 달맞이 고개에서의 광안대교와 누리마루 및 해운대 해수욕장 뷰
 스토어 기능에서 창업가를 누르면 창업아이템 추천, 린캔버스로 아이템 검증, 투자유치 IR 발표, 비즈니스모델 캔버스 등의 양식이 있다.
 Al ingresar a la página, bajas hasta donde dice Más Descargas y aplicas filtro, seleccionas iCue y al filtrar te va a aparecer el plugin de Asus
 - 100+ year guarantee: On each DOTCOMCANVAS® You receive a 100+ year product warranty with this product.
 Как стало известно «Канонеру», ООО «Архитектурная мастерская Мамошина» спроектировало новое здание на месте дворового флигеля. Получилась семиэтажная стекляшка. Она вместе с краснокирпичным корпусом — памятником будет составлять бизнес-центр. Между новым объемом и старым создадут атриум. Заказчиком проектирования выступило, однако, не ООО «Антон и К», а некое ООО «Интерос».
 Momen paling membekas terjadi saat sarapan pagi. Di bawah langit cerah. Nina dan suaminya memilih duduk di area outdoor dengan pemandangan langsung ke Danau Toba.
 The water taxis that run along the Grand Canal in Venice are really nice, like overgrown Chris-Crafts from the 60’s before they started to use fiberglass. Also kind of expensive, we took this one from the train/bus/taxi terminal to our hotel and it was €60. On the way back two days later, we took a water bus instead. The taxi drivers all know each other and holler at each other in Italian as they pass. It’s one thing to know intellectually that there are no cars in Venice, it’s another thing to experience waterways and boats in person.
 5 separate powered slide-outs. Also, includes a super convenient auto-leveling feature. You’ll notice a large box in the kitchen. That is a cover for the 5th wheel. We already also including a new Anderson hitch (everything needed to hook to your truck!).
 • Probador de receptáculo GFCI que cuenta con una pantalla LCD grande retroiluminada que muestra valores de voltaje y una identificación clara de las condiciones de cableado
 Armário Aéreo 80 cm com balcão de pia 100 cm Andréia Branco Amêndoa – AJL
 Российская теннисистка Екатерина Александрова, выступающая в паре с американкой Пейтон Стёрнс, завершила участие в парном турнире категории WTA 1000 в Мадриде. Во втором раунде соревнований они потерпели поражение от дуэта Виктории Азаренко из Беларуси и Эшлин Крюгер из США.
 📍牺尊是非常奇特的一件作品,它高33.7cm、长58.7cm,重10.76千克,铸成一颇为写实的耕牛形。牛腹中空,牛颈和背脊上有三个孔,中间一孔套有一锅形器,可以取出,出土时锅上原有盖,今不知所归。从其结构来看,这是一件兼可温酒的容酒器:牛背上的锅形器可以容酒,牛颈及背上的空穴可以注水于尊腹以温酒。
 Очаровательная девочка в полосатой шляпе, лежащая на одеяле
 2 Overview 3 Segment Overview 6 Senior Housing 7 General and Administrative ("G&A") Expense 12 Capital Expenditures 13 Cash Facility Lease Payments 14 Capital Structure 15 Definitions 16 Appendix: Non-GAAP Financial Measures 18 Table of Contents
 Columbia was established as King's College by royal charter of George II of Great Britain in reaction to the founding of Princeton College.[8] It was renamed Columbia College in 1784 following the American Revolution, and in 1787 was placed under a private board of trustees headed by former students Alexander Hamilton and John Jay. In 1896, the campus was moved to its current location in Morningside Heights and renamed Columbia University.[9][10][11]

### TO DO
Retype only the stretch of lines above starting at the one with "- 100+ year" and stopping at the one with "The water taxis", exactly as written, with both kept.

### COMPLETED EXERCISE
 - 100+ year guarantee: On each DOTCOMCANVAS® You receive a 100+ year product warranty with this product.
 Как стало известно «Канонеру», ООО «Архитектурная мастерская Мамошина» спроектировало новое здание на месте дворового флигеля. Получилась семиэтажная стекляшка. Она вместе с краснокирпичным корпусом — памятником будет составлять бизнес-центр. Между новым объемом и старым создадут атриум. Заказчиком проектирования выступило, однако, не ООО «Антон и К», а некое ООО «Интерос».
 Momen paling membekas terjadi saat sarapan pagi. Di bawah langit cerah. Nina dan suaminya memilih duduk di area outdoor dengan pemandangan langsung ke Danau Toba.
 The water taxis that run along the Grand Canal in Venice are really nice, like overgrown Chris-Crafts from the 60’s before they started to use fiberglass. Also kind of expensive, we took this one from the train/bus/taxi terminal to our hotel and it was €60. On the way back two days later, we took a water bus instead. The taxi drivers all know each other and holler at each other in Italian as they pass. It’s one thing to know intellectually that there are no cars in Venice, it’s another thing to experience waterways and boats in person.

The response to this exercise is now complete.